— Extracted material —
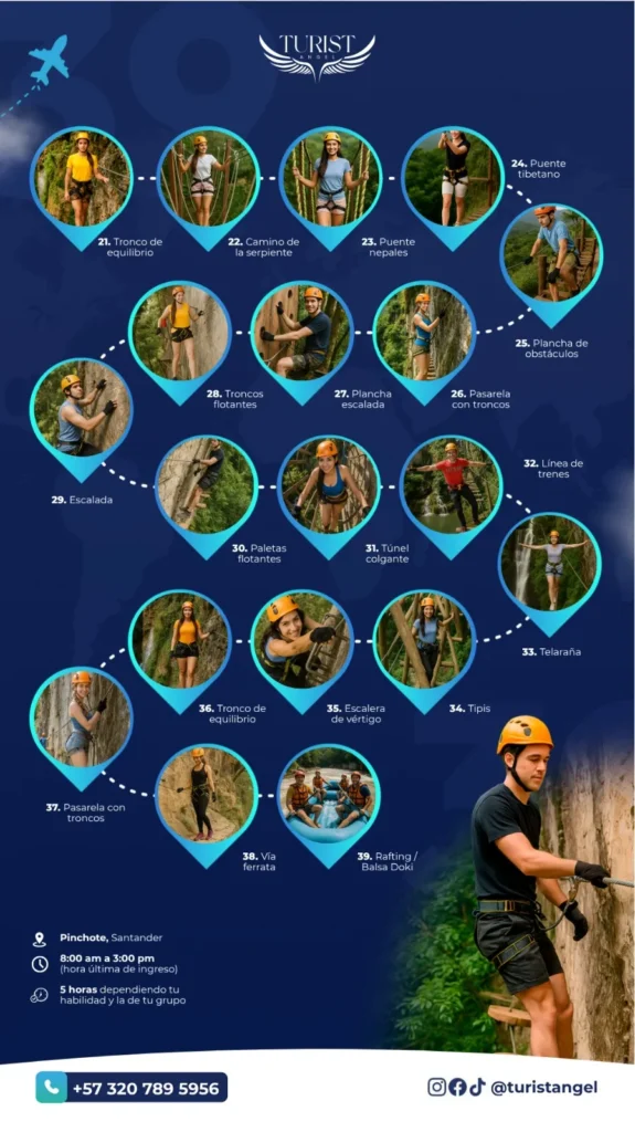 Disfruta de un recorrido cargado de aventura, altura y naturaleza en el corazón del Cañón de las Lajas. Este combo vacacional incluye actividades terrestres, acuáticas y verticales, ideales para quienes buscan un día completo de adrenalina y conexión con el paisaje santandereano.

...

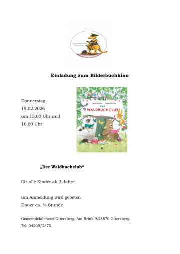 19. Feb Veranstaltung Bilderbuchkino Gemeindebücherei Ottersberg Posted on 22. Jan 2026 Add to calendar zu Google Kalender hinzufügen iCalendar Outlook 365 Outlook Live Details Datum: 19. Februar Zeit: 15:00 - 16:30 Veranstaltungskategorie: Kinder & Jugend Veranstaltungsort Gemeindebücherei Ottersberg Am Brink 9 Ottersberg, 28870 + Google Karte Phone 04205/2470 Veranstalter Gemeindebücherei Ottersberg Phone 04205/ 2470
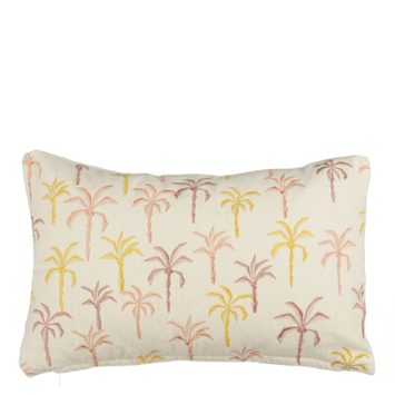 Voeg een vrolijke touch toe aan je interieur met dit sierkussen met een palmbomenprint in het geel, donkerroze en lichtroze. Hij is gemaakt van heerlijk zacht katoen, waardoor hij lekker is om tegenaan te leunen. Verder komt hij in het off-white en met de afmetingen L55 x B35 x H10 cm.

* * *

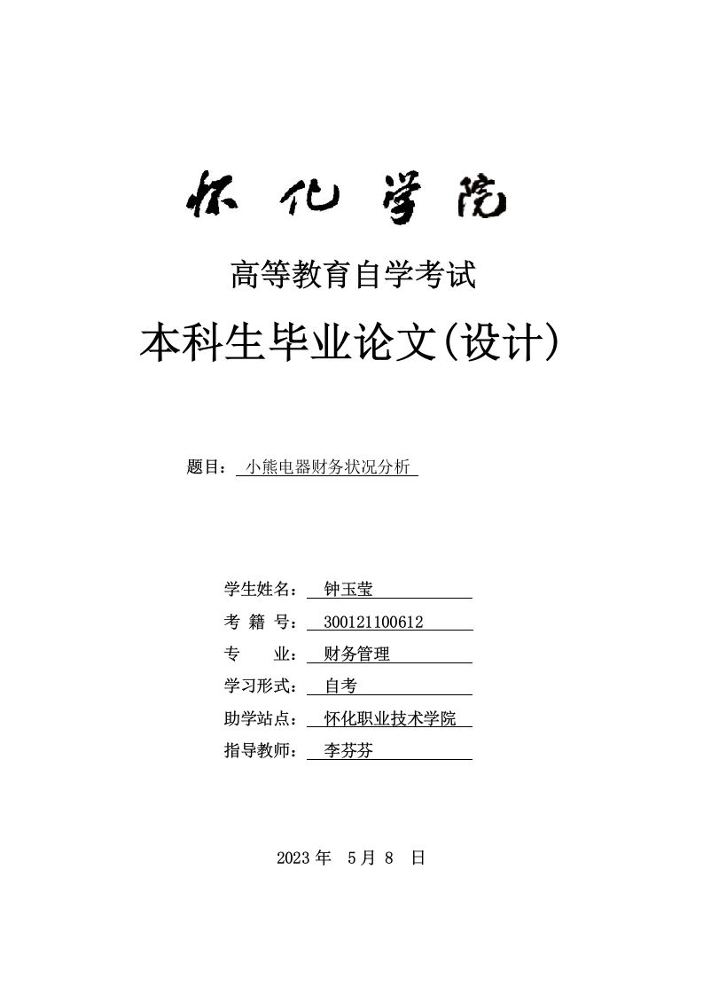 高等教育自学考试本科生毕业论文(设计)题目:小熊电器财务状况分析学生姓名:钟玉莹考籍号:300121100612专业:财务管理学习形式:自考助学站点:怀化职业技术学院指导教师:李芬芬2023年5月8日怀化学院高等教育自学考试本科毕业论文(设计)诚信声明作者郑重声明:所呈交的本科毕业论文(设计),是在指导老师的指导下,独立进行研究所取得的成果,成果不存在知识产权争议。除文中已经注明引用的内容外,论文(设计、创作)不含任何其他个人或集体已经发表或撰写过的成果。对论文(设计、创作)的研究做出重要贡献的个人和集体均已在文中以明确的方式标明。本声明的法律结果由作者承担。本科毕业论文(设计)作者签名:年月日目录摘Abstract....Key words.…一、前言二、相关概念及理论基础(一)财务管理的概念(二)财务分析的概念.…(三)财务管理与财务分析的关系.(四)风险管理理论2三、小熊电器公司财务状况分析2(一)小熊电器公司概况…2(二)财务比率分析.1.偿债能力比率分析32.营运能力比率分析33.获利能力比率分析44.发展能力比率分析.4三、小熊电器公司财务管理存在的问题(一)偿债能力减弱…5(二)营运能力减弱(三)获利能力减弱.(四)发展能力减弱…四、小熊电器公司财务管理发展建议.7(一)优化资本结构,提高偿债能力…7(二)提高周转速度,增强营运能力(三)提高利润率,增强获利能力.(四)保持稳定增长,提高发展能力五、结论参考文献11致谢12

— What to work on —
Your task is to copy only the lines above starting at the one containing "19. Feb Veranstaltung" and ending at the one containing "Voeg een vrolijke". Copy them exactly, both ends included, and omit the pictures.

— Response box —
 19. Feb Veranstaltung Bilderbuchkino Gemeindebücherei Ottersberg Posted on 22. Jan 2026 Add to calendar zu Google Kalender hinzufügen iCalendar Outlook 365 Outlook Live Details Datum: 19. Februar Zeit: 15:00 - 16:30 Veranstaltungskategorie: Kinder & Jugend Veranstaltungsort Gemeindebücherei Ottersberg Am Brink 9 Ottersberg, 28870 + Google Karte Phone 04205/2470 Veranstalter Gemeindebücherei Ottersberg Phone 04205/ 2470
 Voeg een vrolijke touch toe aan je interieur met dit sierkussen met een palmbomenprint in het geel, donkerroze en lichtroze. Hij is gemaakt van heerlijk zacht katoen, waardoor hij lekker is om tegenaan te leunen. Verder komt hij in het off-white en met de afmetingen L55 x B35 x H10 cm.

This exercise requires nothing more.